# Garage build..



## moh (Jul 20, 2008)

Hi peeps

Basically this garage is being redone due to a poor flat roof which was fitted 10+ years ago

Inside the garage was a clasic volvo which had to go

So basically the following has been done so far:

garage cleaned out 
pitch roof installed
brick work

interior electrics all done
9" extractor fan
2x 6ft twin flo tubes
alarm system 
new roller shutter
painting

still more to do


















indoor


















outdoor


----------



## Auto-Etc (Sep 17, 2008)

Looks loads better already - that was lot of tyres must be a big space??


----------



## moh (Jul 20, 2008)

Inside it's 13ft wide and 25ft long


----------



## moh (Jul 20, 2008)

Update

Electrics almost in 
Floor almost leveled
Pit done

Floor to go in soon


----------



## Steve valentine (Aug 7, 2010)

I'd love a garage that big, reckon mine is 8 foot by 12 :lol:


----------



## sunilbass (Apr 23, 2009)

where did you get that door from pal? im after one for my garage build

ps looking good! keep them updates coming!


----------



## ryand (Jul 18, 2008)

Nice one, great space, jealous!


----------



## moh (Jul 20, 2008)

Sunilbass

The shutter is the new type aluminium double skinned with cavity in between, they are very strong and used via remote control, maintenance free to and very quiet that shutter cost £700 fitted if your interested il get you the chaps number 

Thanks guys


----------



## moshinho (Nov 4, 2009)

Nice place


----------



## moh (Jul 20, 2008)

Shelves fitted
alarm fitted
all electrics fitted

Just flooring to go in and stock everything in


----------



## Mirror Finish Details (Aug 21, 2008)

Nice space.


----------



## 888-Dave (Jul 30, 2010)

Cracking progress buddy, I'm currently doing mine, shall try and get some pics up soon. What are you doing with the floor its just I bought some floor paint from ebay (super amourcoat) yer right :wall: its rubbish! all peeling off already. should have listened to myself "you get what you pay for" :lol:


----------



## moh (Jul 20, 2008)

888-Dave said:


> Cracking progress buddy, I'm currently doing mine, shall try and get some pics up soon. What are you doing with the floor its just I bought some floor paint from ebay (super amourcoat) yer right :wall: its rubbish! all peeling off already. should have listened to myself "you get what you pay for" :lol:


Thanks mate

The flooring will be blue rubber/vinyl industrial flooring which i got from a member on here and cost me only £20 for 26 sq Mtrs which is perfect for the space. Its going to be better than floor paint i guess


----------



## rover214 (Feb 17, 2010)

Nice space.


----------



## ryand (Jul 18, 2008)

Spot on, and a radiator to keep warm, nice!!


----------



## [email protected] (Jan 28, 2009)

very jealous mate mine still full of crap since I got the kitchen done and now I am doing the lounge... :lol: :wall:


----------



## 888-Dave (Jul 30, 2010)

moh said:


> Thanks mate
> 
> The flooring will be blue rubber/vinyl industrial flooring which i got from a member on here and cost me only £20 for 26 sq Mtrs which is perfect for the space. Its going to be better than floor paint i guess


I did have a look at rubber/vinyl flooring but couldn't find it anywhere near that cheap :doublesho I need about 600/700 sq ft of though. can you remember who it was that sold it to you? or if anyone readig this can point me in a good direction TIA :thumb:


----------



## mikeyc_123 (Sep 22, 2008)

I would love a garage that width.. my garage is 23 foot long but so narrow (and has a post on the left side) that I have to pull the drivers side wingmirror in and park up against the wall then hop out on the passenger side!

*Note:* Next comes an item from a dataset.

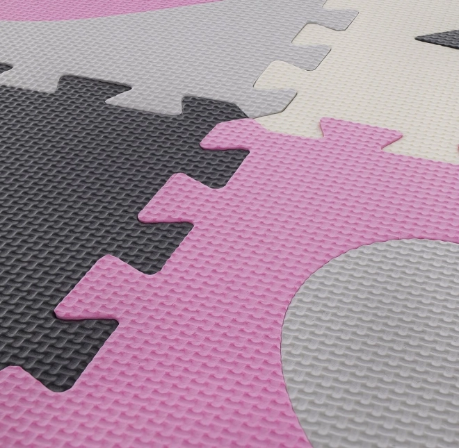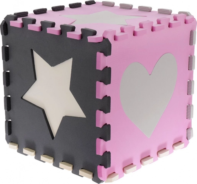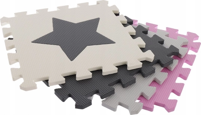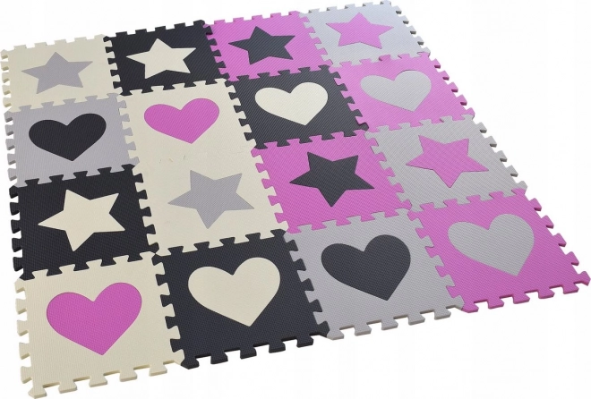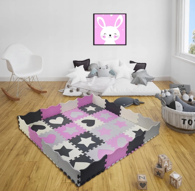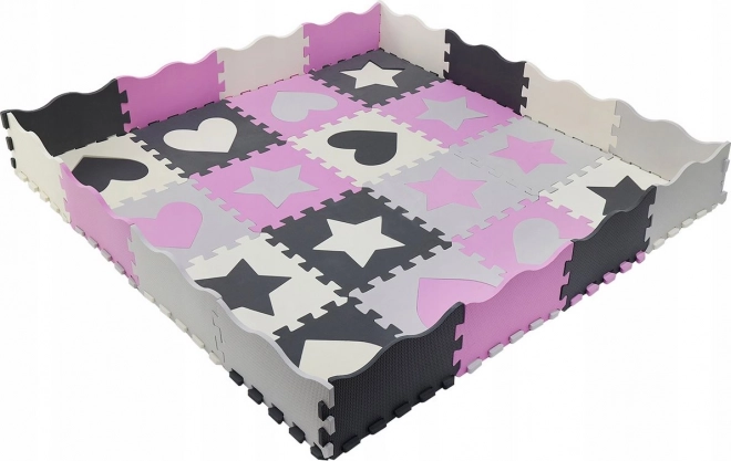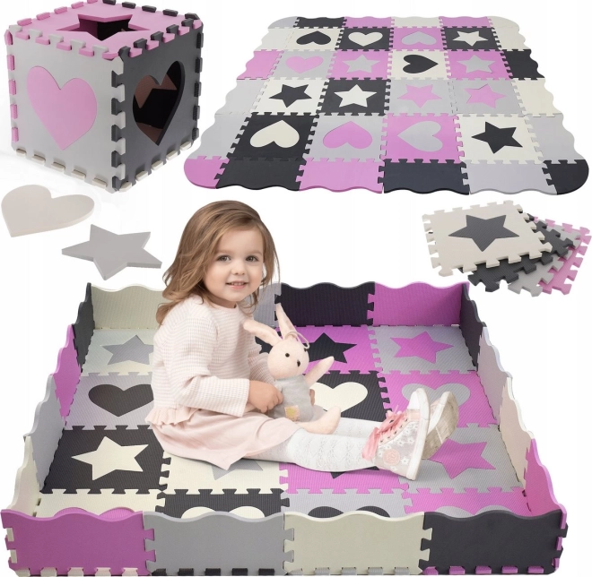 Stilna pjenasta podloga s motivom srca i zvijezda u ružičastoj i sivoj boji stvara djeci od 3 godine sigurno i udobno mjesto za igru. Dijelovi se lako spajaju, podloga je mekana, periva, prigušuje buku i izolira od hladnoće. U pakiranju su i rubni te kutni dijelovi za uredan završni rub.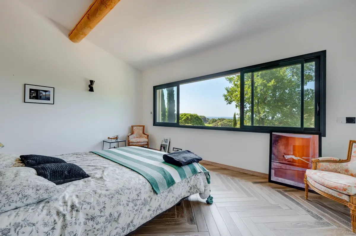 À l'étage, vous découvrirez une somptueuse suite parentale avec dressing et double salle de bain (douche à l'italienne et baignoire), avec accès direct à la piscine.

Cant wait to see the finish pics


----------



## TheGooner84 (Jun 29, 2010)

as everyone else i would love a garage that big.


what are the regs regarding the pit ? i thought they were a nono now


----------



## Andy. (Apr 11, 2010)

Stunning transformation, your well on your way to having an excellent spot to work in. :thumb:


----------



## liam99 (Dec 29, 2009)

Nice space.


----------



## Phil H (May 14, 2006)

very nice indeed! any updates on this?


----------



## Ducky (Mar 19, 2007)

Ditto, any finished pictures? Looks like an awesome space you have there. :thumb:


----------



## Derick-sport (Nov 15, 2010)

good man looks lovely


----------



## james_death (Aug 9, 2010)

Welldone shame about the volvo.


----------